The
Government is accelerating its plan to facilitate post-flood business
operations in order that the private sector will recover quickly.
Finance Minister Thirachai Phuvanatnaranubala said that
the recovery of the business sector will contribute to the employment
situation and raise consumer confidence.
He admitted that the scale of disaster caused by this year’s floods was
extensive, and said that although industrial activities cover only 15
provinces, their proportion accounts for 40 percent of Thailand’s GDP.
The World Bank estimates that damage to property caused by the recent
floods is likely to stand at 640 billion baht, while the production
sector is expected to suffer 710 billion baht.
Mr. Thirachai pointed out that the estimation was rather high, when
compared with assessments made by relevant government agencies in
Thailand. The Office of the National Economic and Social Development
Board earlier estimated that the floods would damage the Thai economy by
2 percent, or about 200 billion baht.
He believed that impact on the country’s GDP would not be high, as the
Government has a policy to speed up post-flood rehabilitation. GDP
growth for 2012 is projected to be at least 5 percent. In order to
achieve this target, he said, the Government needed to come up with
various measures for recovery and restoration. Several fiscal,
financial, and tax measures have already been implemented to facilitate
liquidity in the business sector. The Government’s spending on
rehabilitation in late 2011 and early 2012 is seen as an important
factor to spur the Thai economy next year. The Office of the Board of
Investment is considering more measures to assist companies whose
businesses have been damaged by floods.
Meanwhile, President of the National Food Institute Petch Chinabutr said
that the recent floods caused 50 billion baht in damage to the food
industry in Thailand. At least 1,300 food factories, accounting for 15
percent of all food plants in the country, were affected.
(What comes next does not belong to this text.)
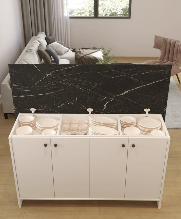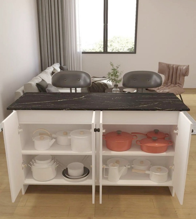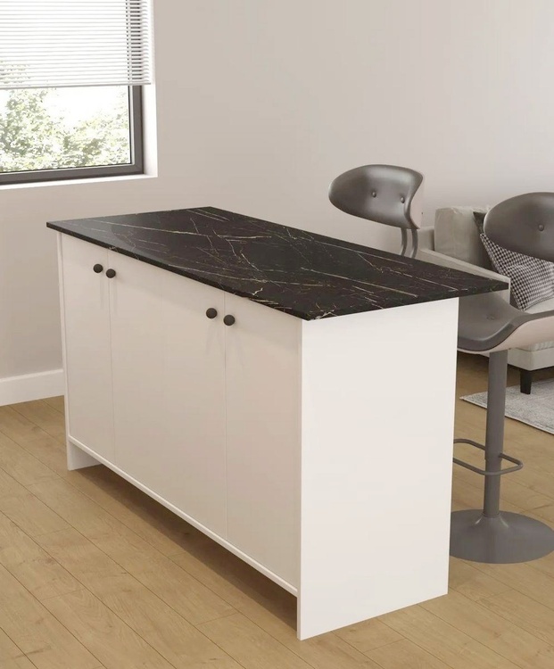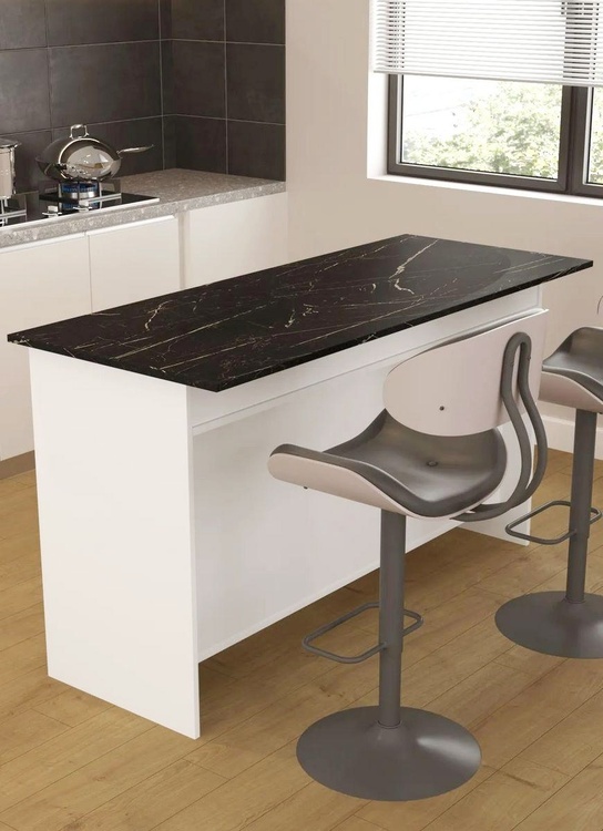 Kuchyňský ostrůvek s funkcí barovéhoi jídelního stolu se skříňkou, víceúčelový nábytek s rozměrem 160 × 65 cm.

Thai food exports in 2011 are expected to reach 963 billion baht, an
increase of 20 percent. Even so, the figure is likely to be lower than
the set target of between 970 billion and one trillion baht. As for next
year, the food export value is projected at 971 billion baht,
representing an increase of 0.8 percent over that of 2011. The debt
crisis in the European Union poses a risk for Thai food exports to
Europe, which is the fourth-largest market for Thai food.
Prime Minister Yingluck Shinawatra stated that the EU debt crisis was
unlikely to have a direct impact on the Thai economy, which has solid
fundamentals, and its stability is expected to be robust next year.
Moreover, she said, the Government has a policy to stimulate the
grassroots economy and the industrial sector and push for an increase in
investment. The Prime Minister reaffirmed that the Government would be
able to cope with global economic woes and that it had prepared measures
to ease the impact of floods on the economy.